Work instruction: The pictures stay out. Please retype every line below exactly.

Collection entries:
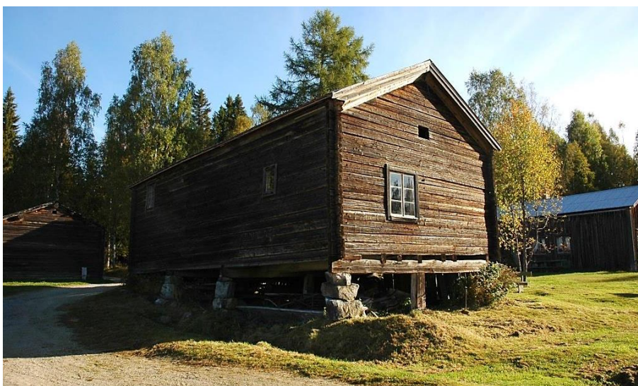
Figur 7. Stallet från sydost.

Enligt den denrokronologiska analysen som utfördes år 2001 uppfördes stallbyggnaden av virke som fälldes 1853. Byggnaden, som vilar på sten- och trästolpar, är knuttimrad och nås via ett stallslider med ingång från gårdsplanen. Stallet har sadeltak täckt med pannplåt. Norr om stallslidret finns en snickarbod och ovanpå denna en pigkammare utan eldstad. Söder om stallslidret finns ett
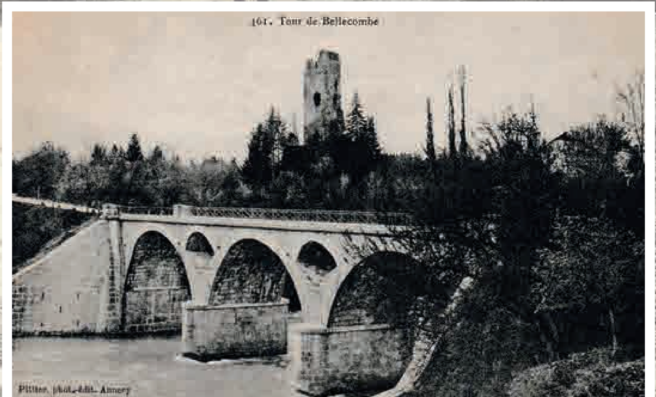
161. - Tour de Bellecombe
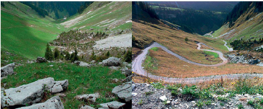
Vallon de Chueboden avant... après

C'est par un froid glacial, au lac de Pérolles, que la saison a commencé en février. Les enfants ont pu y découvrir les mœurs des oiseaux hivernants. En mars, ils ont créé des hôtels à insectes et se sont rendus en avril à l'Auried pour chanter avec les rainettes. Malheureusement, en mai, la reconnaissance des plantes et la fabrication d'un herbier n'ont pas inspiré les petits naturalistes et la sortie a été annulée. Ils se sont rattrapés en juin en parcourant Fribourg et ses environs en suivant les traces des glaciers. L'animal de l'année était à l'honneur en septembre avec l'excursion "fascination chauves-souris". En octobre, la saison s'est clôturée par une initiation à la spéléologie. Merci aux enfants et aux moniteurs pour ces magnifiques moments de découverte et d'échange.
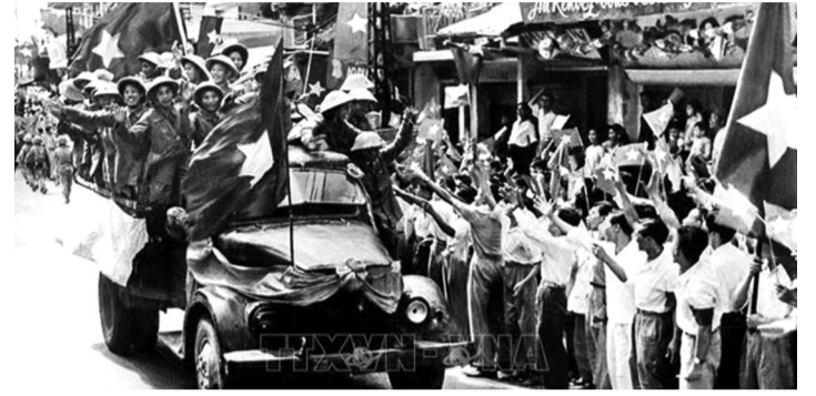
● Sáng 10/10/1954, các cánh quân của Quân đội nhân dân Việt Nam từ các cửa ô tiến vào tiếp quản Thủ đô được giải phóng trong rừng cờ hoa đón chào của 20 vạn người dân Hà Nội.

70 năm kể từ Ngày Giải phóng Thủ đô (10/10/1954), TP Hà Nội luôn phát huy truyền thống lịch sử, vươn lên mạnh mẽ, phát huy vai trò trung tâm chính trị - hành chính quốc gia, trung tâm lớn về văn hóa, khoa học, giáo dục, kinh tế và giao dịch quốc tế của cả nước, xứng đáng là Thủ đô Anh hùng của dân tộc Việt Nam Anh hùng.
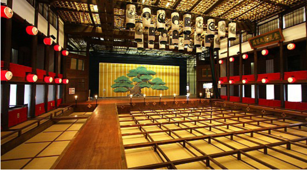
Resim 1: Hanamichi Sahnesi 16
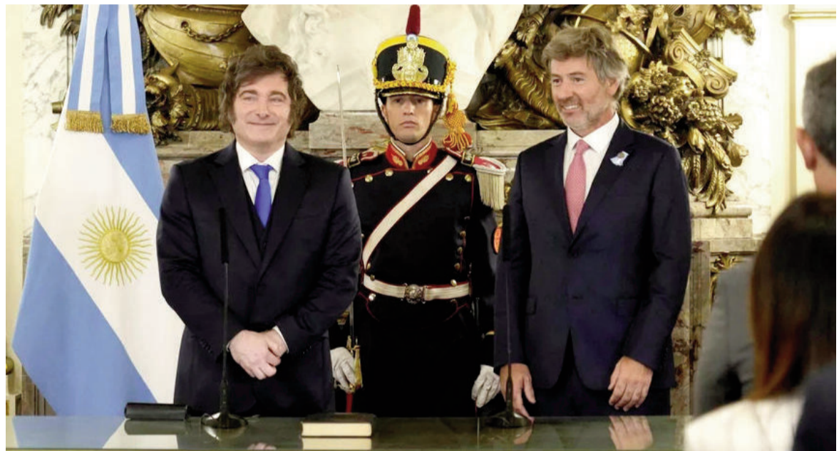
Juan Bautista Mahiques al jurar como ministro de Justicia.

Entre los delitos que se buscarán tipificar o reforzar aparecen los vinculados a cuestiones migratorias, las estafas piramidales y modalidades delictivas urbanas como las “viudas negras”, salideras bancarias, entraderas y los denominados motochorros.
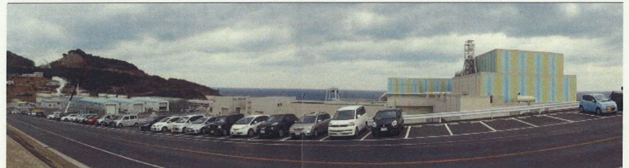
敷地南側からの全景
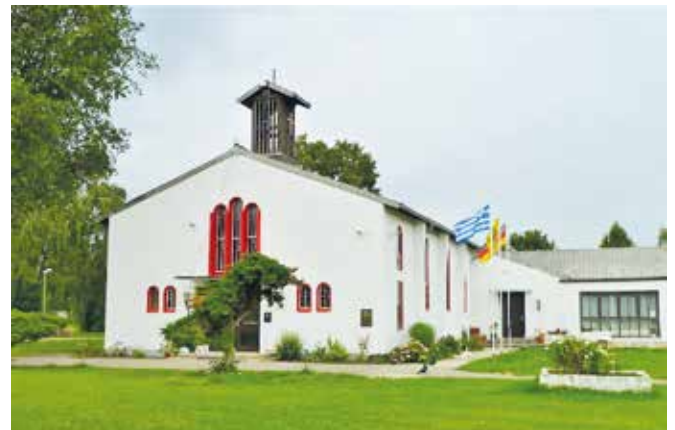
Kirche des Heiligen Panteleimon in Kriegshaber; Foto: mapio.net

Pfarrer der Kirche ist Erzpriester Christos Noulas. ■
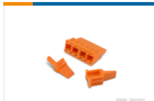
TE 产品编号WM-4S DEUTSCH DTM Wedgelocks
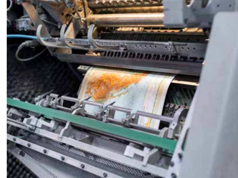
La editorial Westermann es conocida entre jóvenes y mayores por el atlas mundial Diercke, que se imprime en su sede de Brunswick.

Answer section:
Figur 7. Stallet från sydost.

Enligt den denrokronologiska analysen som utfördes år 2001 uppfördes stallbyggnaden av virke som fälldes 1853. Byggnaden, som vilar på sten- och trästolpar, är knuttimrad och nås via ett stallslider med ingång från gårdsplanen. Stallet har sadeltak täckt med pannplåt. Norr om stallslidret finns en snickarbod och ovanpå denna en pigkammare utan eldstad. Söder om stallslidret finns ett
161. - Tour de Bellecombe
Vallon de Chueboden avant... après

C'est par un froid glacial, au lac de Pérolles, que la saison a commencé en février. Les enfants ont pu y découvrir les mœurs des oiseaux hivernants. En mars, ils ont créé des hôtels à insectes et se sont rendus en avril à l'Auried pour chanter avec les rainettes. Malheureusement, en mai, la reconnaissance des plantes et la fabrication d'un herbier n'ont pas inspiré les petits naturalistes et la sortie a été annulée. Ils se sont rattrapés en juin en parcourant Fribourg et ses environs en suivant les traces des glaciers. L'animal de l'année était à l'honneur en septembre avec l'excursion "fascination chauves-souris". En octobre, la saison s'est clôturée par une initiation à la spéléologie. Merci aux enfants et aux moniteurs pour ces magnifiques moments de découverte et d'échange.
● Sáng 10/10/1954, các cánh quân của Quân đội nhân dân Việt Nam từ các cửa ô tiến vào tiếp quản Thủ đô được giải phóng trong rừng cờ hoa đón chào của 20 vạn người dân Hà Nội.

70 năm kể từ Ngày Giải phóng Thủ đô (10/10/1954), TP Hà Nội luôn phát huy truyền thống lịch sử, vươn lên mạnh mẽ, phát huy vai trò trung tâm chính trị - hành chính quốc gia, trung tâm lớn về văn hóa, khoa học, giáo dục, kinh tế và giao dịch quốc tế của cả nước, xứng đáng là Thủ đô Anh hùng của dân tộc Việt Nam Anh hùng.
Resim 1: Hanamichi Sahnesi 16
Juan Bautista Mahiques al jurar como ministro de Justicia.

Entre los delitos que se buscarán tipificar o reforzar aparecen los vinculados a cuestiones migratorias, las estafas piramidales y modalidades delictivas urbanas como las “viudas negras”, salideras bancarias, entraderas y los denominados motochorros.
敷地南側からの全景
Kirche des Heiligen Panteleimon in Kriegshaber; Foto: mapio.net

Pfarrer der Kirche ist Erzpriester Christos Noulas. ■
TE 产品编号WM-4S DEUTSCH DTM Wedgelocks
La editorial Westermann es conocida entre jóvenes y mayores por el atlas mundial Diercke, que se imprime en su sede de Brunswick.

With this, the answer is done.